通信越しではなく、すぐ隣から聞こえるその声は、不思議なほどやさしかった。
青白い宇宙光が彼女の輪郭を縁取り、まるで実体のない幻のようにも見える。

イズモ「あぁ……わかっているよ……」

船内は冷え切り、機器の駆動音だけが一定のリズムで鳴っていた。
沈黙に耐えきれず、私は彼女の姿に目を向ける。

イズモ「……ところで……その服はどうしたんだ?」

KAEDEは、いつもの戦闘用スーツではなかった。
白いワンピースに麦わら帽子。
戦場とは無縁の、あまりにも穏やかな装い。
無機質な船内で、その姿だけが異物のように浮いている。

KAEDEは微笑んだ。
だがその笑顔には、確かな哀しみが滲んでいた。

KAEDE「この服は……あの子たちからの贈り物なんです……それに、あの子たちを止められるのは……私だけですから……」

私は言葉を失った。
彼女の瞳に映るのは、覚悟と後悔、そして決意。

イズモ「……そうか……」

それ以上、何も言えなかった。

さらに数日後――地球上空。
窓の向こうに浮かぶ青い星は、かつて知っていた姿ではなかった。
旧日本本部周辺に近づくにつれ、黒煙が幾筋も立ち昇り、都市は崩壊している。
瓦礫、炎、沈黙。
人とアンドロイドが築いた共存の痕跡は、無惨に引き裂かれていた。

KAEDE「……ひどい有り様ですね」

声は微かに震えていた。
彼女の記憶には、ここで笑い合っていた人々の姿が残っているのだろう。

私は無言でうなずいた。

そのとき――。

「助けて……お願いだから……」

か細い声が、崩れた街に響いた。
風に紛れながらも、確かに生きている声。

「私たちを……助けて……!」

KAEDEは一瞬で方向を把握し、私の手を取った。
驚くほど温かいその感触に、胸が詰まる。

瓦礫の街の片隅。
そこには、人間とアンドロイドが混在する小さな集団がいた。
傷だらけの身体。
焼け焦げたアスファルトの上で、恐怖と空腹に耐えている。

突如、銃声が轟いた。
アサルトライフルの弾丸がこちらに迫る。

「KAEDEが来たぞ!」

誤認だ。
私は即座に前へ出てシールドを展開する。
青白い防御膜が弾丸を弾き、火花が散った。

イズモ「待って!!自分たちはピースギアの人間だ!そしてこのアンドロイドは、暴走していない!」

一瞬の沈黙。

「……本当……?」
「……よかった……」
「お願いします……助けてください……!」

私は力強くうなずいた。

イズモ「ああ。
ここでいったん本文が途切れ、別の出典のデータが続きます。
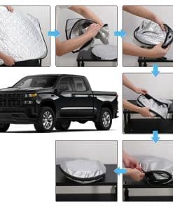 1. Específico para Vehículos: Protector solar para Silverado compatible con Chevy (Chevrolet) Silverado 1500 2019 2020 2021 2022 2023 2024 2025 (cabina regular, cabina de tripulación, doble cabina de 2 puertas 4 puertas). Cubre completamente el parabrisas delantero, sin huecos, ajuste perfecto. Se ajusta perfectamente al diseño del parabrisas del automóvil – diseñado en USA. Asegúrate de conocer el modelo y el año de tu coche antes de comprar.
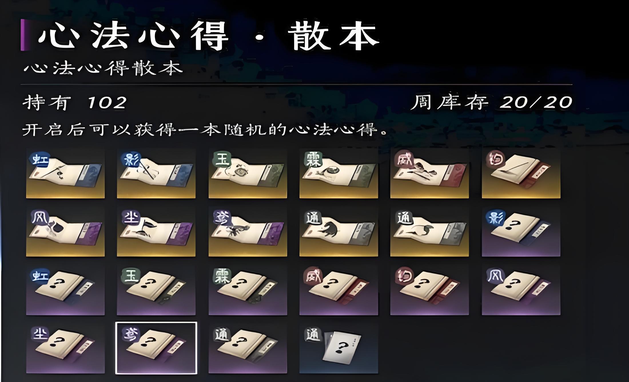 1、每周可通过不肝商店兑换固定数量心法宝箱,开启后获随机心法散本,日常活动及特定NPC处也能获取。
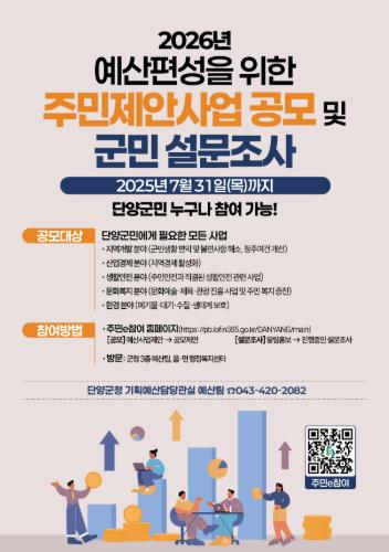단양군민은 물론 관내 직장·학교·단체에 소속된 사람이라면 누구나 제안서를 제출할 수 있으며, 제출된 제안은 타당성 검토와 주민참여예산위원회 심의를 거쳐 2026년도 예산안에 최종 반영된다.
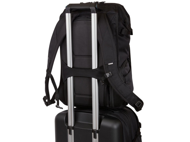 - Специальная панель позволяет легко прикрепить рюкзак к багажу на колесах.
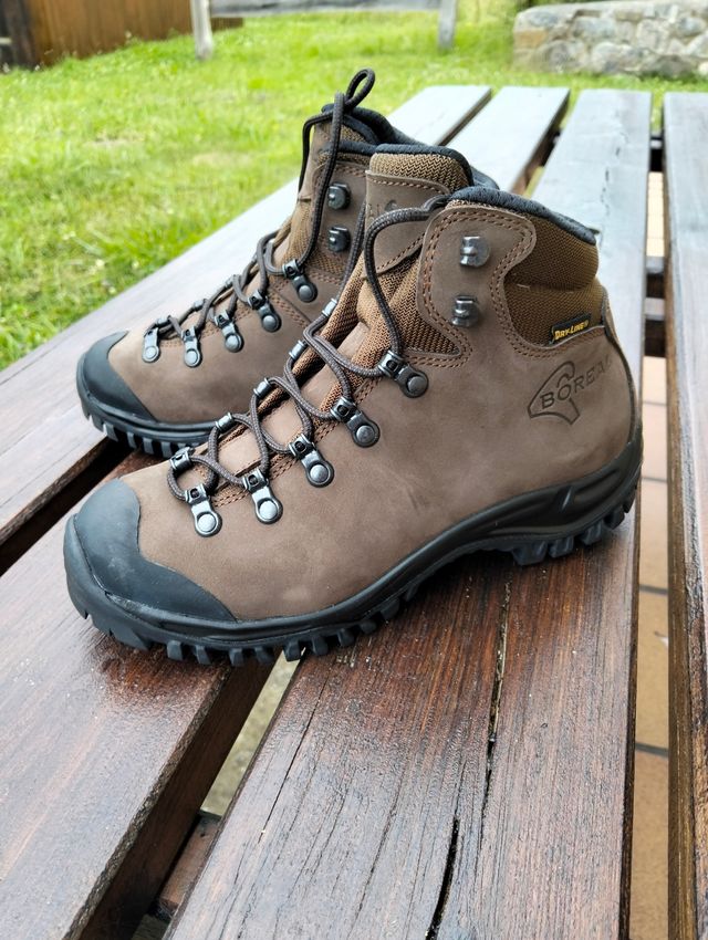 Bota de trekking para montaña. Boreal Strider Forestal. Piel flor de 2,6 mm hidrofugada y reforzada. Sistema Dry-Line. Suela Vibram. Sin estrenar. Talla: 38 y 39
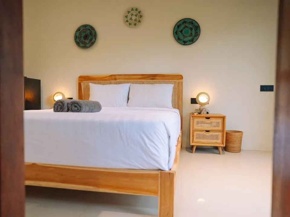 Interior kamar didesain secara cermat memadukan gaya modern dengan pencahayaan yang hangat. Material linen berkualitas dan kasur ergonomis menjamin Anda mendapatkan istirahat yang optimal setelah seharian beraktivitas di luar.
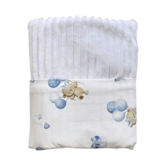 Плед плюш, без утеплення Ведмедики з кульками Блакитний /Білий плюш 100/80
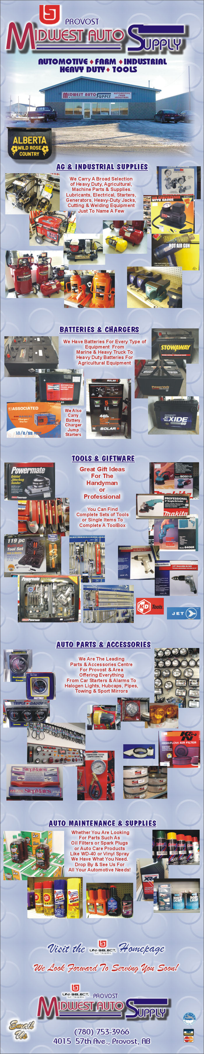 Mid West Auto Supply, Auto Parts Plus, Auto Parts, Provost, Alberta.
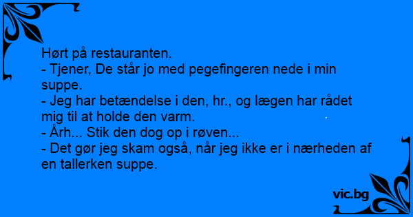 - Tjener, De står jo med pegefingeren nede i min suppe.
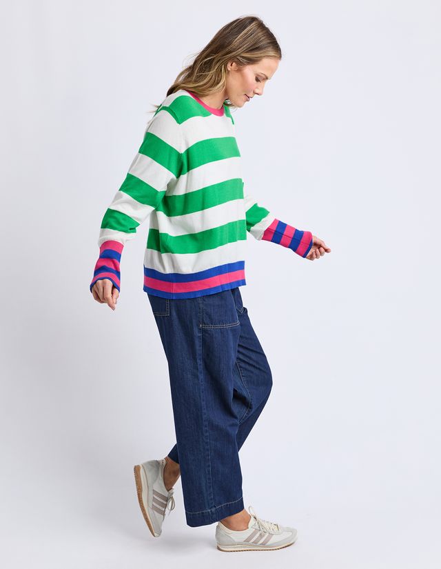 Reggie Long Sleeve Knit - Green/White Stripe
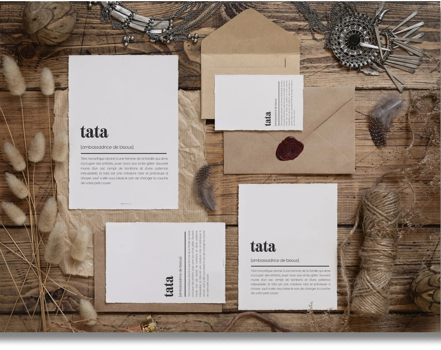 La carte de définition tata est bien plus qu'une simple carte. Elle est un hommage aux femmes spéciales dans nos vies qui jouent le rôle de tatie avec amour et dévouement. En choisissant cette carte, vous offrez une manière unique et touchante de montrer votre appréciation. La possibilité de personnaliser la carte après impression permet de la rendre encore plus significative.
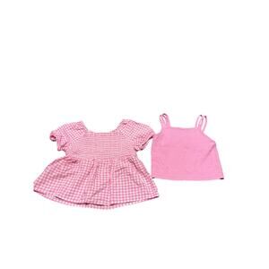 Cat & Jack medium 100% cotton pink & white plaid smocked short puff sleeve peplum blouse
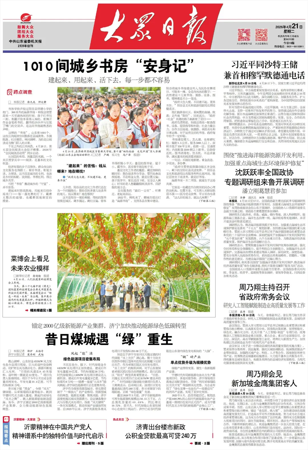 大众日报头版 | 昔日煤城遇“绿”重生
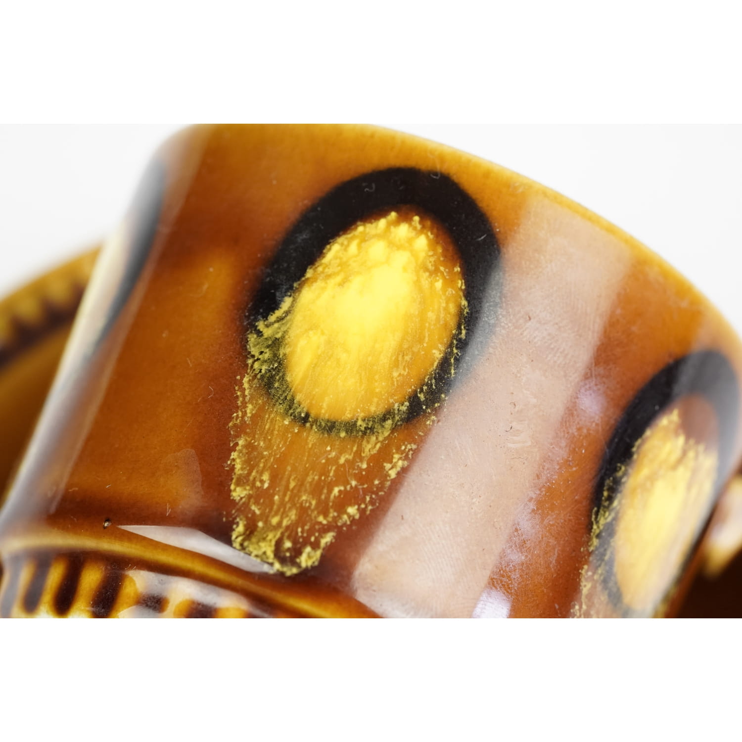 Nie posiada sygnatury. Wykonana z ceramiki szkliwionej w odcieniu miodowym. Z drobnym reliefem przy dolnej krawędzi filiżanki i na brzegu spodka. Na czaszy filiżanki dodatkowo dekoracja w kolorze żółtym i czarnym przypominająca pawie oczka. Spodek bez kolorowych zdobień.
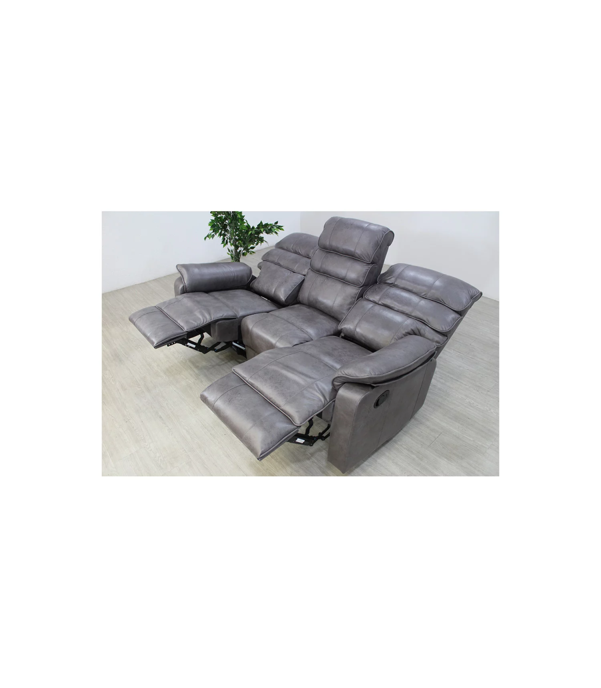Sofá tres plazas relax con palanca modelo Gallardo tapizado textil gris, 200cm(Ancho) 83cm(Fondo) 103cm(Alto)

必ず助ける」

安堵の声が、崩壊した街に小さく広がった。

KAEDEはすぐに状況を整理する。

KAEDE「司令の綾音さんと合流しましょう。武器と情報が必要です。VIPシェルターにいるはずです」

ホログラムが展開され、地図が宙に浮かぶ。
点滅する光が、目的地を示していた。

KAEDE「こちらです。私たちについてきてください!」

イズモ「行こう」

VIPシェルター前。
分厚いコンクリート扉に、赤く『司令室』の文字。
私は息を整え、ゆっくりと扉を押し開けた。

軋む音の向こう。
そこに立っていたのは、軍のマントを纏った一人の女性。
背筋を伸ばし、鋭い視線でこちらを射抜く。